═════ Data in this exercise
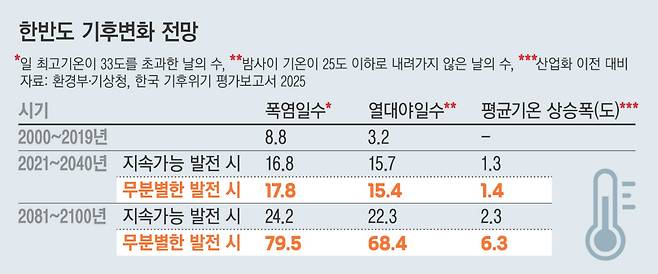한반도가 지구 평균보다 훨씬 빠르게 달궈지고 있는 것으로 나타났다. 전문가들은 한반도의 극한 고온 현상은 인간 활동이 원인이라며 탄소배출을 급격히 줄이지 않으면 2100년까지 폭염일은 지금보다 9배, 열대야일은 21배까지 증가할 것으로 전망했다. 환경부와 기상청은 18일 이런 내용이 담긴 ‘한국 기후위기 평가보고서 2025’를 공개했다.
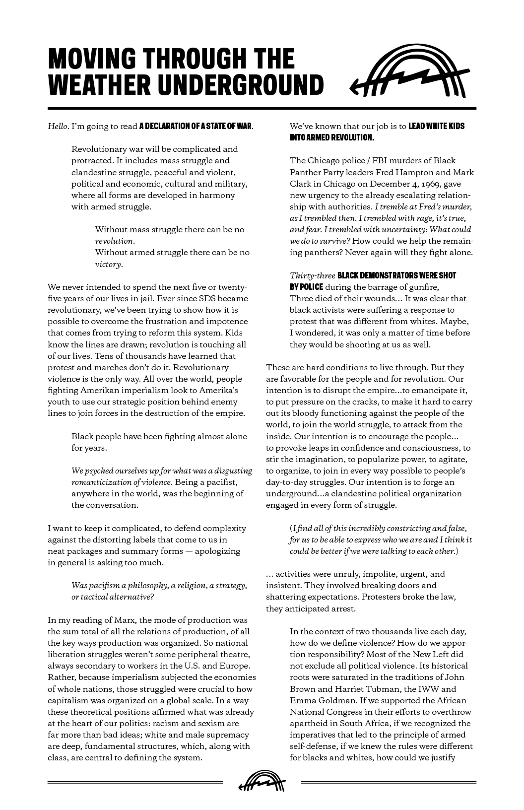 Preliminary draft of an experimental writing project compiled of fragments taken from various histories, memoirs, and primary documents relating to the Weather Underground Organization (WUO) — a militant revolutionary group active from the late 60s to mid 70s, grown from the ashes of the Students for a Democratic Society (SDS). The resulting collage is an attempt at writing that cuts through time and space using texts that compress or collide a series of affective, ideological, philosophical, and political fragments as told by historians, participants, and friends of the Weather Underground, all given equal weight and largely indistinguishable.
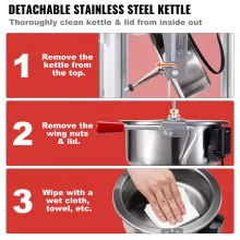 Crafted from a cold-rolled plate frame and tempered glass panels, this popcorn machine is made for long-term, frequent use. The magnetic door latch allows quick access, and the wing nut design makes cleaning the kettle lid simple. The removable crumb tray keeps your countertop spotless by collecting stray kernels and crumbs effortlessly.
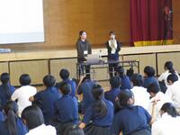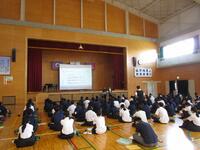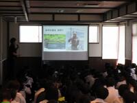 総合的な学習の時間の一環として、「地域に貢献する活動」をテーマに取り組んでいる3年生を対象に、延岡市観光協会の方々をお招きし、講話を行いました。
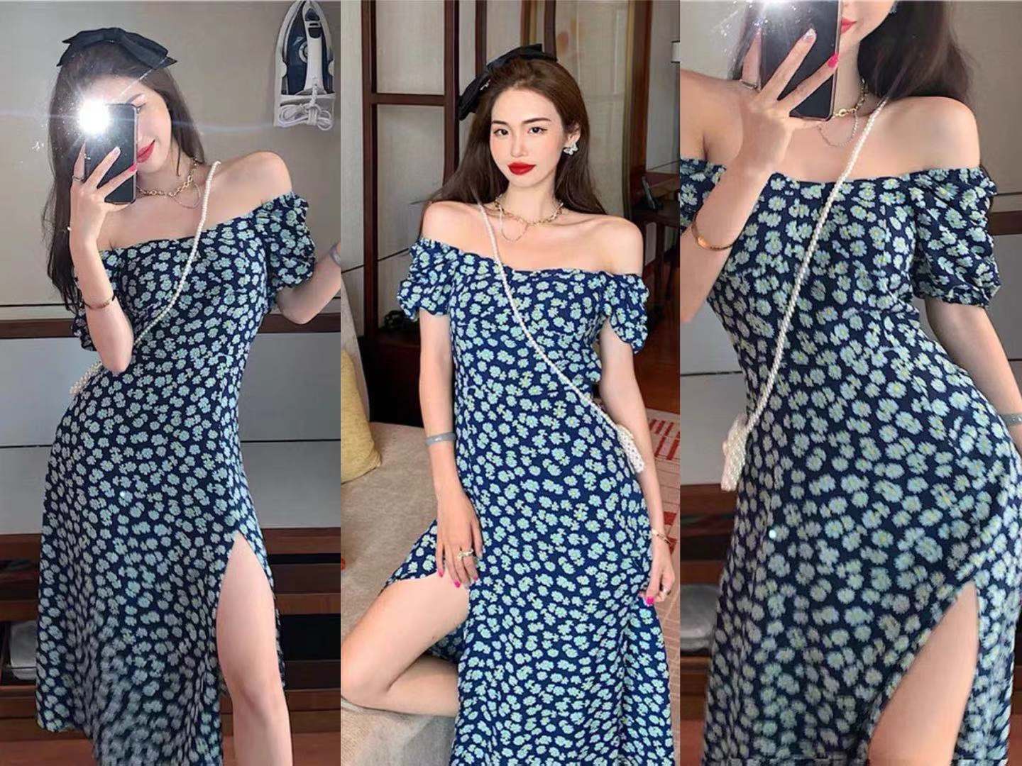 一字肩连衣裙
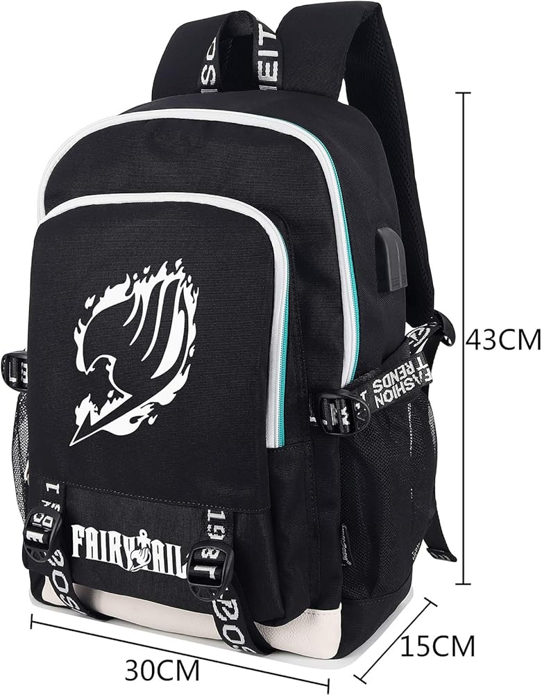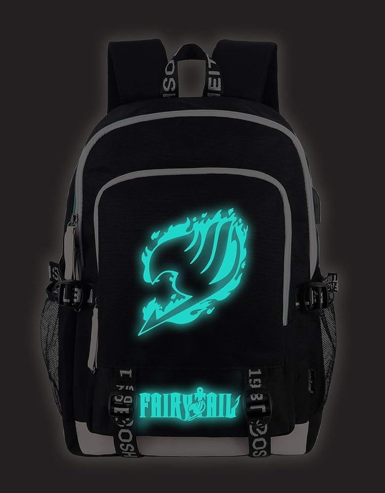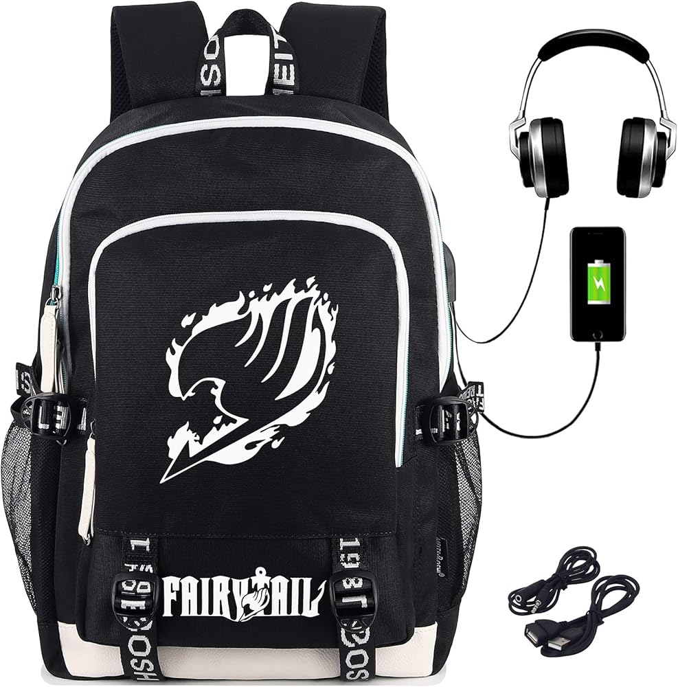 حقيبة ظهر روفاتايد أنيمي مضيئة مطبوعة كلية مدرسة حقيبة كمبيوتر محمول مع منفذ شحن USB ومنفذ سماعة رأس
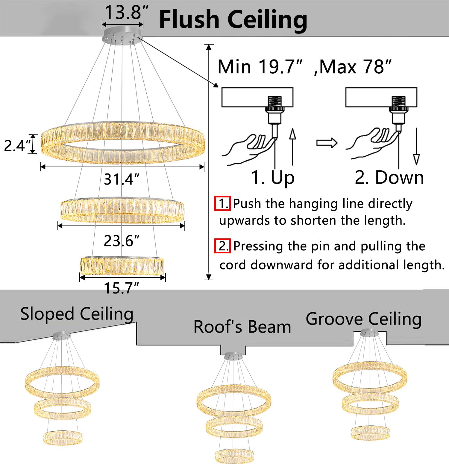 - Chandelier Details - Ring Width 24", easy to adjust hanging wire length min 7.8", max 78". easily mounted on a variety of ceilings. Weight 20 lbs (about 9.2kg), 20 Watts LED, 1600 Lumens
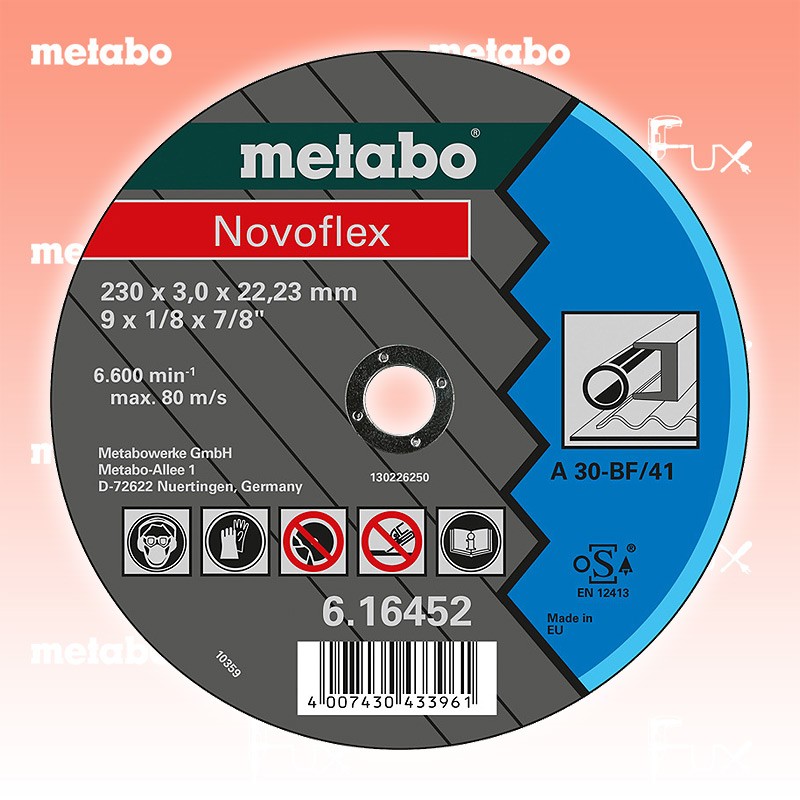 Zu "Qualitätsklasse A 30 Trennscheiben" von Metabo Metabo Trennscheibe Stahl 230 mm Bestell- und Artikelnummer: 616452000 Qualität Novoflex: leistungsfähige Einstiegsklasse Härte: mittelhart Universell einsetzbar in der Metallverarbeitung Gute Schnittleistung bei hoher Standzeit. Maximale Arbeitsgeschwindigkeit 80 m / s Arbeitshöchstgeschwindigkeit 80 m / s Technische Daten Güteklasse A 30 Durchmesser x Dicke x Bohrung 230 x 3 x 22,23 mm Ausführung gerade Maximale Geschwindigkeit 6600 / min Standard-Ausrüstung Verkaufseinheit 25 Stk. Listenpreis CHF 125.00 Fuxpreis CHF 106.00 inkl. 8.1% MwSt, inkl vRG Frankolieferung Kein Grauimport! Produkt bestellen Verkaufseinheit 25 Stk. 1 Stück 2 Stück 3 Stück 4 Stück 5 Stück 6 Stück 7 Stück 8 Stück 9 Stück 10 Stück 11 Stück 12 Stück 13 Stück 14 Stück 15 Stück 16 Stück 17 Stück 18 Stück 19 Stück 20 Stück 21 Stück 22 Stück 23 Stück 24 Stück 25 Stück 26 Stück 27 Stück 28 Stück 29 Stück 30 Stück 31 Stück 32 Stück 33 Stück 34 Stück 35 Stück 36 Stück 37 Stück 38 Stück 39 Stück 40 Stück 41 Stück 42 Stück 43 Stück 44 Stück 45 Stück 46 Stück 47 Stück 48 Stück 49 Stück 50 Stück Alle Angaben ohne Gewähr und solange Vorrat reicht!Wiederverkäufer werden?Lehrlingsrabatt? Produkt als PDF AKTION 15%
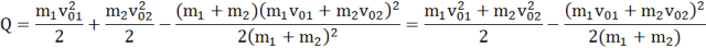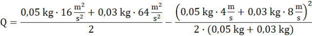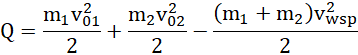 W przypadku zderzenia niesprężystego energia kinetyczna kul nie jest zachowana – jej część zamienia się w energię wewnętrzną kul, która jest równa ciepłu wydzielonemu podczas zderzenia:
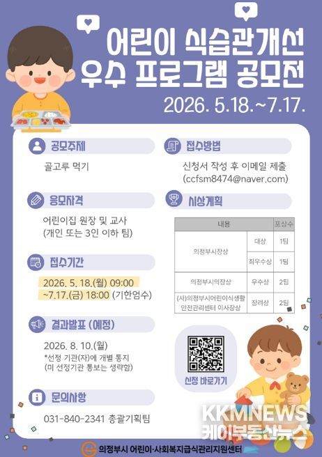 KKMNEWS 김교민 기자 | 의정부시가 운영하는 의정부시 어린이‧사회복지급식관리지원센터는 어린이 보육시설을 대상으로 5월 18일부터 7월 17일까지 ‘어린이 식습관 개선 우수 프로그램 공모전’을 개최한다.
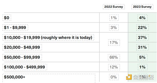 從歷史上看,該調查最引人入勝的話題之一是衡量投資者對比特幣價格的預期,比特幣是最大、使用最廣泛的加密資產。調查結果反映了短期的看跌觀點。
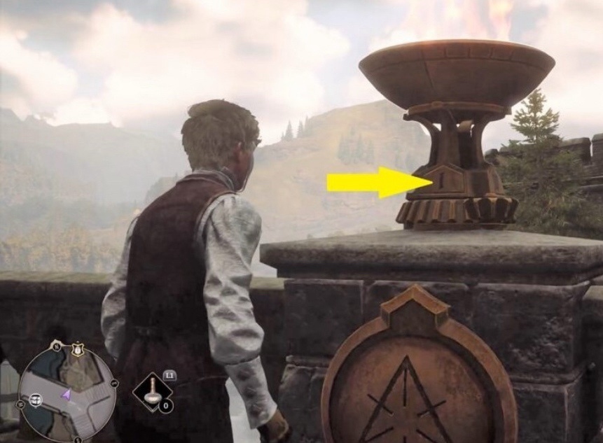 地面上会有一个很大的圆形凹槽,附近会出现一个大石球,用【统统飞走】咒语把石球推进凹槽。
══════════
Write the listing out in full, exactly; no images.

한반도가 지구 평균보다 훨씬 빠르게 달궈지고 있는 것으로 나타났다. 전문가들은 한반도의 극한 고온 현상은 인간 활동이 원인이라며 탄소배출을 급격히 줄이지 않으면 2100년까지 폭염일은 지금보다 9배, 열대야일은 21배까지 증가할 것으로 전망했다. 환경부와 기상청은 18일 이런 내용이 담긴 ‘한국 기후위기 평가보고서 2025’를 공개했다.
 Preliminary draft of an experimental writing project compiled of fragments taken from various histories, memoirs, and primary documents relating to the Weather Underground Organization (WUO) — a militant revolutionary group active from the late 60s to mid 70s, grown from the ashes of the Students for a Democratic Society (SDS). The resulting collage is an attempt at writing that cuts through time and space using texts that compress or collide a series of affective, ideological, philosophical, and political fragments as told by historians, participants, and friends of the Weather Underground, all given equal weight and largely indistinguishable.
 Crafted from a cold-rolled plate frame and tempered glass panels, this popcorn machine is made for long-term, frequent use. The magnetic door latch allows quick access, and the wing nut design makes cleaning the kettle lid simple. The removable crumb tray keeps your countertop spotless by collecting stray kernels and crumbs effortlessly.
 総合的な学習の時間の一環として、「地域に貢献する活動」をテーマに取り組んでいる3年生を対象に、延岡市観光協会の方々をお招きし、講話を行いました。
 一字肩连衣裙
 حقيبة ظهر روفاتايد أنيمي مضيئة مطبوعة كلية مدرسة حقيبة كمبيوتر محمول مع منفذ شحن USB ومنفذ سماعة رأس
 - Chandelier Details - Ring Width 24", easy to adjust hanging wire length min 7.8", max 78". easily mounted on a variety of ceilings. Weight 20 lbs (about 9.2kg), 20 Watts LED, 1600 Lumens
 Zu "Qualitätsklasse A 30 Trennscheiben" von Metabo Metabo Trennscheibe Stahl 230 mm Bestell- und Artikelnummer: 616452000 Qualität Novoflex: leistungsfähige Einstiegsklasse Härte: mittelhart Universell einsetzbar in der Metallverarbeitung Gute Schnittleistung bei hoher Standzeit. Maximale Arbeitsgeschwindigkeit 80 m / s Arbeitshöchstgeschwindigkeit 80 m / s Technische Daten Güteklasse A 30 Durchmesser x Dicke x Bohrung 230 x 3 x 22,23 mm Ausführung gerade Maximale Geschwindigkeit 6600 / min Standard-Ausrüstung Verkaufseinheit 25 Stk. Listenpreis CHF 125.00 Fuxpreis CHF 106.00 inkl. 8.1% MwSt, inkl vRG Frankolieferung Kein Grauimport! Produkt bestellen Verkaufseinheit 25 Stk. 1 Stück 2 Stück 3 Stück 4 Stück 5 Stück 6 Stück 7 Stück 8 Stück 9 Stück 10 Stück 11 Stück 12 Stück 13 Stück 14 Stück 15 Stück 16 Stück 17 Stück 18 Stück 19 Stück 20 Stück 21 Stück 22 Stück 23 Stück 24 Stück 25 Stück 26 Stück 27 Stück 28 Stück 29 Stück 30 Stück 31 Stück 32 Stück 33 Stück 34 Stück 35 Stück 36 Stück 37 Stück 38 Stück 39 Stück 40 Stück 41 Stück 42 Stück 43 Stück 44 Stück 45 Stück 46 Stück 47 Stück 48 Stück 49 Stück 50 Stück Alle Angaben ohne Gewähr und solange Vorrat reicht!Wiederverkäufer werden?Lehrlingsrabatt? Produkt als PDF AKTION 15%
 W przypadku zderzenia niesprężystego energia kinetyczna kul nie jest zachowana – jej część zamienia się w energię wewnętrzną kul, która jest równa ciepłu wydzielonemu podczas zderzenia:
 KKMNEWS 김교민 기자 | 의정부시가 운영하는 의정부시 어린이‧사회복지급식관리지원센터는 어린이 보육시설을 대상으로 5월 18일부터 7월 17일까지 ‘어린이 식습관 개선 우수 프로그램 공모전’을 개최한다.
 從歷史上看,該調查最引人入勝的話題之一是衡量投資者對比特幣價格的預期,比特幣是最大、使用最廣泛的加密資產。調查結果反映了短期的看跌觀點。
 地面上会有一个很大的圆形凹槽,附近会出现一个大石球,用【统统飞走】咒语把石球推进凹槽。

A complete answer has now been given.